Do Universities sometimes act like patent trolls

Researchers at the University of California Hastings College of the Law found that three-quarters of the drugs associated with new patents in the records of the Food and Drug Administration were not new drugs coming on the market, but existing drugs. Pharmaceutical companies extended their exclusivity over blockbuster drugs 80 percent of the time, attaching new patents on dosage and other aspects that had nothing to do with the original invention.

Here’s how it works: Pharmaceutical companies start moving doctors to the tweaked formulation before the initial patent runs out, so that by the time it expires nobody is prescribing the original drug. That gives them an extra 20 years of exclusivity in which they can charge patients and their insurance companies exorbitant fees. Society has nothing to gain.

In a brief to the court, the Initiative for Medicines, Access and Knowledge — a nonprofit group arguing for broader access to affordable medicines — argued that the patent office’s panel “is an important and necessary tool in the fight to lower drug prices because it allows the timely removal of unmerited patents, which promotes competition.”

Tahir Amin, a co-executive director of the initiative, added that “there are a lot of patent trolls trying to extort rents from low-quality patents.”

The Supreme Court has in recent years shown itself sympathetic to the argument that patent protections have become too restrictive. On half a dozen occasions since 2013, it has overturned decisions by Federal District Courts granting patent rights over what were ultimately fairly intuitive processes.

Notably, the Supreme Court’s 2014 decision in Alice Corporation v.CLS Bank International held that where a patent claim is based on an abstract idea, which is not patentable, using generic computer implementation does not transform that idea into a patentable invention.

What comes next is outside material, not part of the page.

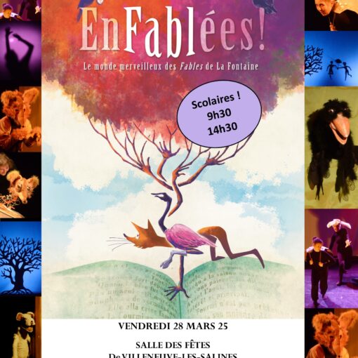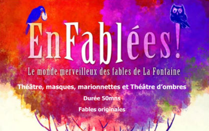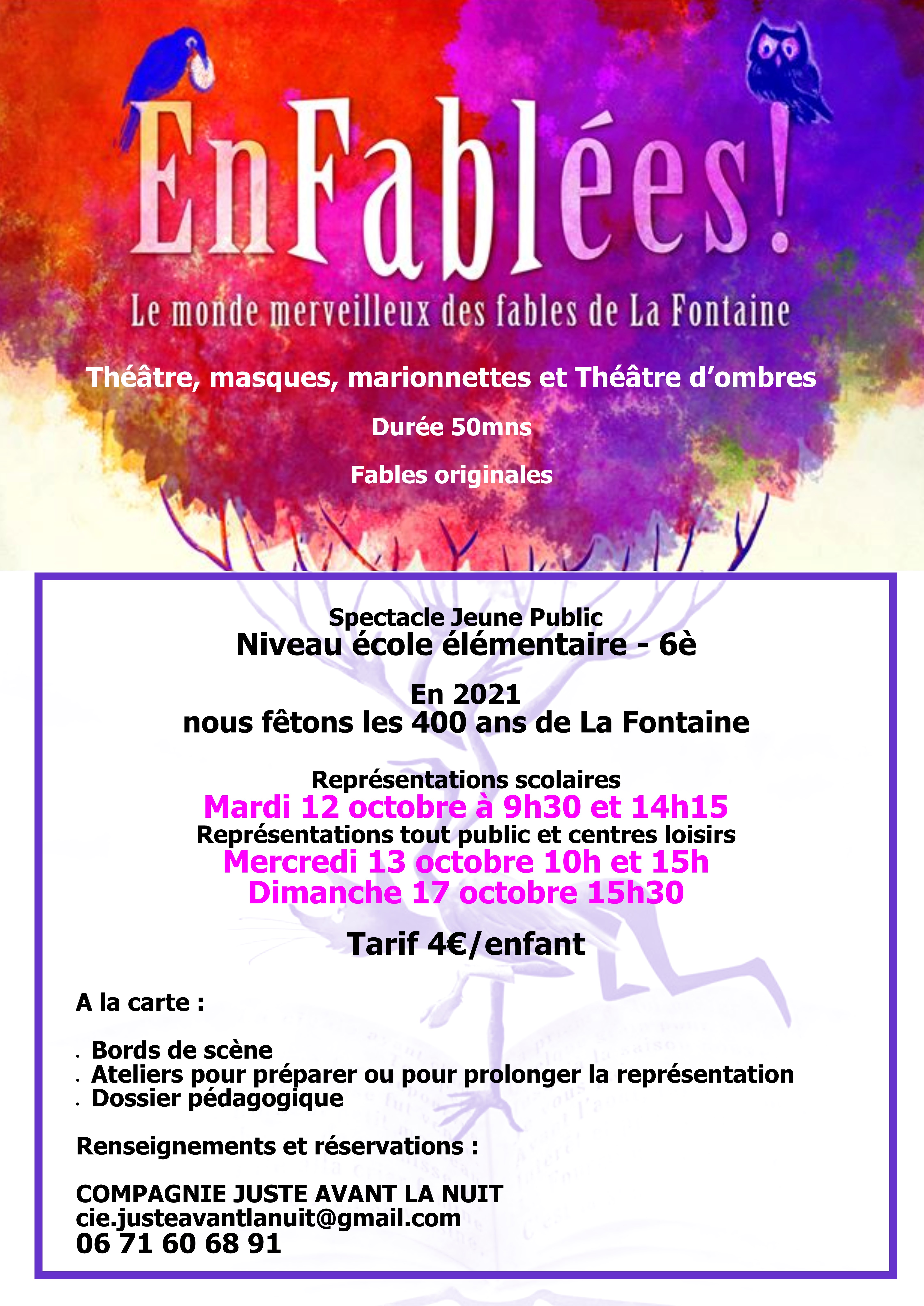 “Enfablées”, un spectacle avec marionnettes, masques et théâtre d’ombre, inspiré des Fables de La Fontaine (texte original). *2021 : 400e anniversaire de La Fontaine*. Public : CP CE1 CE2 CM1 CM2 6e – mardi 12 octobre (matin et après-midi).

Corporate interests are not aligned in this case, though. Pharmaceutical companies despise the patent office’s new powers. Information-technology corporations, which incorporate thousands of ideas into one gadget and see themselves as victims of patent trolls, are strong supporters of this relatively cheap and expedient avenue to challenge patents once they have been written.

The Goliaths of technology are, of course, out for themselves alone. Yet in this case they are aligned with the economy’s interest. For too long, innovation has been narrowed to fit patent holders’ argument for sacrosanct property rights. For these rights to hold, however, at the very least we need a system to undo those that prove to be invalid.